__PROBLEM TO WORK ON__. Using the material below, return exactly the lines between the one holding "uma ação cívico-social" and the one holding "② 同《キリスト昇架》1610-11年", inclusive, and no others.

__SOURCE DATA__.
[Start of section]

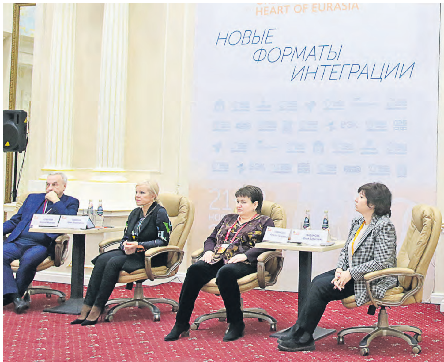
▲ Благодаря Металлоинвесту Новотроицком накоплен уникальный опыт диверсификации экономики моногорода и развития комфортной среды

[End of section]
[Start of section]

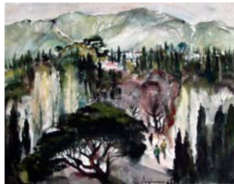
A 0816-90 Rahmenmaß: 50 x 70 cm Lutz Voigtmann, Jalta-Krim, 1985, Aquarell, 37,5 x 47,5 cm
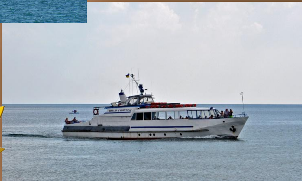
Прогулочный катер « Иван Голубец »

[End of section]
[Start of section]

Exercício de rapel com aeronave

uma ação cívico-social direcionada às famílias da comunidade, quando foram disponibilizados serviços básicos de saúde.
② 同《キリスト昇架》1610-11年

[End of section]

__YOUR SOLUTION__.
uma ação cívico-social direcionada às famílias da comunidade, quando foram disponibilizados serviços básicos de saúde.
② 同《キリスト昇架》1610-11年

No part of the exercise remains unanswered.